● **About this task**: Using the material that follows, output exactly the lines from the one containing "我校选手参加2018山东省韩国语汉语演讲比赛取得优异成绩" through the one containing "フロントフォークに小さなサビができ始めていたので、1500番のペーパーで磨く", with both ends kept.

===== Information supplied =====

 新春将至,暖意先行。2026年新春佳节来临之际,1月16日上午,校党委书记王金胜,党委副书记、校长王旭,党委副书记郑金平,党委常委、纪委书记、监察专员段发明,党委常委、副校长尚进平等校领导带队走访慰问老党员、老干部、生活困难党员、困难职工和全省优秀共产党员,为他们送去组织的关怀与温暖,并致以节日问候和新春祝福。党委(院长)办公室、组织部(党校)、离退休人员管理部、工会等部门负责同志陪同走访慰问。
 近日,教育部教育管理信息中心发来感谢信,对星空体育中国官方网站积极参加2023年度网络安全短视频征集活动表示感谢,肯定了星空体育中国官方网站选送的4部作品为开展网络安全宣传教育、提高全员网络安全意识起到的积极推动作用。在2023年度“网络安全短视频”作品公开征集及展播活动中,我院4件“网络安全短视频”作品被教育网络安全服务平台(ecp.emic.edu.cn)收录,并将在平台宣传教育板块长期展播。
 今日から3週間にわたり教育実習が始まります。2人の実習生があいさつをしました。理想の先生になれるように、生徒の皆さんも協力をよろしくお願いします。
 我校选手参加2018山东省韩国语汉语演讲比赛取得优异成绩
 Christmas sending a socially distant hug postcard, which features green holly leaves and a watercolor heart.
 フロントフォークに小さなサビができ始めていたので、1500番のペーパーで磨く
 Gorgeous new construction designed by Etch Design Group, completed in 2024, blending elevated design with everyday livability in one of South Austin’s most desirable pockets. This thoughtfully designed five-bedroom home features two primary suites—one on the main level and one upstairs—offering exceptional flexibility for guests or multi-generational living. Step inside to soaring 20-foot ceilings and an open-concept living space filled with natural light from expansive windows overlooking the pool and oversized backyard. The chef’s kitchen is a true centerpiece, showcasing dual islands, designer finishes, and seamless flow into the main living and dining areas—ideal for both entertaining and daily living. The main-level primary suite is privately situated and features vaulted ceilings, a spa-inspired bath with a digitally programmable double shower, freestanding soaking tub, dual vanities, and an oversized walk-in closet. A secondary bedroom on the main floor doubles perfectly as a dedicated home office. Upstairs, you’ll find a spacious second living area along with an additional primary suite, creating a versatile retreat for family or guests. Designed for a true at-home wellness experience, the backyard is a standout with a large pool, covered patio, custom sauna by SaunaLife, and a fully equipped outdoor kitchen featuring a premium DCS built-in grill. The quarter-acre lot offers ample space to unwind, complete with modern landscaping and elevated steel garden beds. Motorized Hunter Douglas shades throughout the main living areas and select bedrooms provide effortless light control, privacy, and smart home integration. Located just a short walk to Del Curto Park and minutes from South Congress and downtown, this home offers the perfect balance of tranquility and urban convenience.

=====

● **Answer to the exercise**:
 我校选手参加2018山东省韩国语汉语演讲比赛取得优异成绩
 Christmas sending a socially distant hug postcard, which features green holly leaves and a watercolor heart.
 フロントフォークに小さなサビができ始めていたので、1500番のペーパーで磨く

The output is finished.